En moins d’une décennie, le nombre de patients inscrits sur la liste nationale d’attente a augmenté de 50 %, passant de 15 538 au 1er janvier 2017 à 23 294 au 1er janvier 2026. Le nombre de patients décédés alors qu’ils étaient inscrits sur liste d’attente est, lui, passé de 590 en 2017 à 966 en 2025, soit une hausse de 64 %.

En 2025, 6 148 greffes d’organes ont été réalisées en France. Pour le CCNE, cet écart entre les besoins des patients et les greffons disponibles constitue un enjeu éthique majeur, mais n’est pas une fatalité. L’expérience d’autres pays, notamment celle de l’Espagne, montre qu’une organisation plus performante du prélèvement peut permettre d’obtenir de meilleurs résultats.

« La détresse des patients en attente de greffe n’est pas abstraite. L’attente se prolonge, l’état de santé se dégrade, la vie est menacée. Cet écart entre leurs besoins et les greffons disponibles constitue un enjeu éthique majeur.
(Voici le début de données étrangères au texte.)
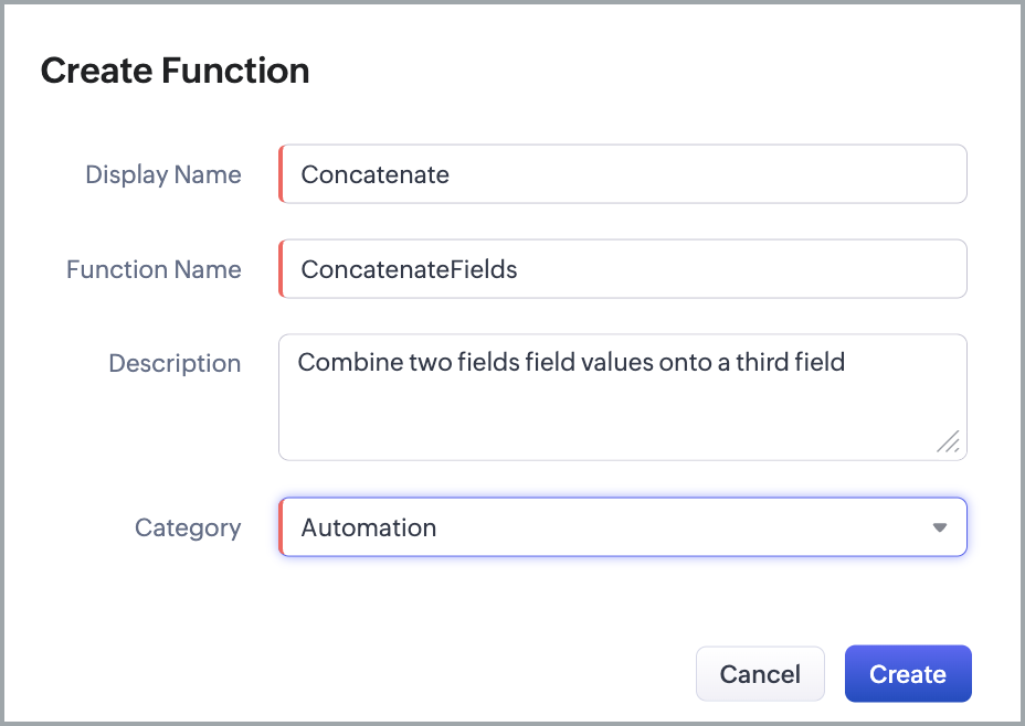 There are times when it is necessary to combine two separate field values into a single field. In such instances, we can concatenate two separate fields from the same module with the use of a custom function. For example, in one of the modules, we might want to concatenate First and Last names and display them as a single field called Name. This is just an example; you may apply the same custom function to any two fields you like.
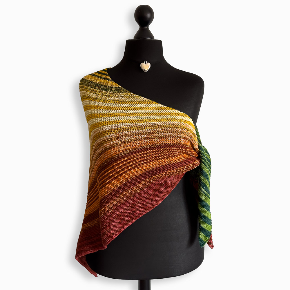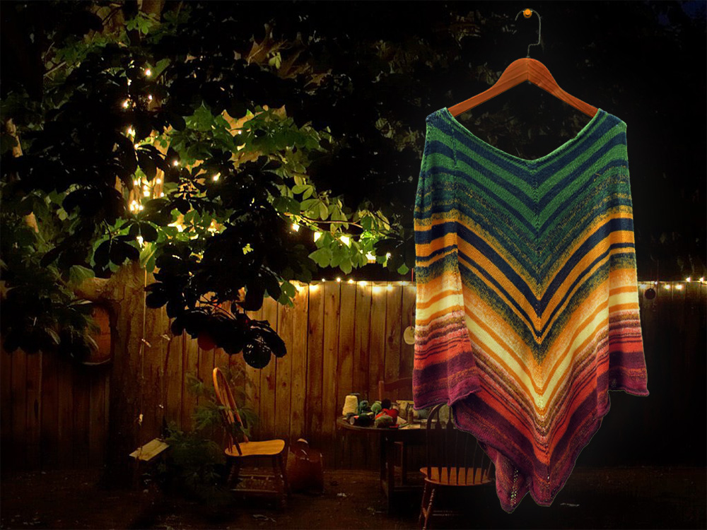 Ursprünglich wollte Maike zusammen mit der Wicklung auch eine Anleitung für einen Poncho veröffentlichen; den Poncho hatte sie schon für sich gestrickt und er ist wirklich ganz besonders schön geworden. Aus diversen Gründen hat es mit der Anleitung leider nicht geklappt; die sehr lustige Geschichte dazu findet Ihr hier in der Leuchti-Facebook-Gruppe.

Les résultats obtenus en Espagne montrent bien que cette situation n’a rien d’inéluctable. »

  • Yvanie Caillé
  • membre du CCNE, co-rapporteure de l’Avis 152 et présidente fondatrice de Renaloo

Le modèle français repose sur trois principes : le consentement présumé, la gratuité et la solidarité. Pour le CCNE, leur effectivité doit s’accompagner de moyens et d’une organisation adaptés aux besoins des patients.

L’Avis 152 formule 7 propositions, notamment pour :

  • renforcer les équipes et les réseaux dédiés au prélèvement ;
  • développer le prélèvement après arrêt circulatoire contrôlé ;
  • développer la greffe rénale à partir de donneurs vivants ;
  • autoriser le don de rein non dirigé et les chaînes de dons croisés ;
  • renforcer l’information et la pédagogie sur le don d’organes, notamment auprès des jeunes.

Le CCNE appelle également à ce que toute situation dans laquelle un décès est attendu conduise à examiner la possibilité d’un don d’organes, dans le respect de la volonté du patient et de l’accompagnement des proches.

Les avancées récentes des xénogreffes d’organes de porcs génétiquement modifiés conduisent le CCNE à considérer qu’il est pertinent d’ouvrir la voie à la recherche en France.

Cette perspective doit toutefois s’inscrire dans un cadre particulièrement exigeant, portant notamment sur le rapport bénéfices-risques, le consentement, les risques infectieux et le bien-être animal.

Pour le CCNE, la xénogreffe doit être envisagée comme un complément, et non comme un substitut, au don d’organes humains.

« Chaque greffe est un acte de solidarité. Garantir qu’il puisse bénéficier à tous ceux qui en ont besoin, dans des conditions équitables et respectueuses de chacun, constitue une responsabilité collective. »

  • Pr. Jacques Duranteau
  • membre du CCNE, co-rapporteur de l’Avis 152 et Professeur d’anesthésie-réanimation et médecine périopératoire

À travers cet avis, le CCNE appelle à mobiliser pleinement les possibilités de prélèvement et de greffe pour mieux répondre aux besoins des patients et réduire les inégalités d’accès à la transplantation, tout en anticipant, dans un cadre rigoureux, les évolutions scientifiques à venir.

_Les données mentionnées sont issues des sources citées et contextualisées dans l’Avis 152.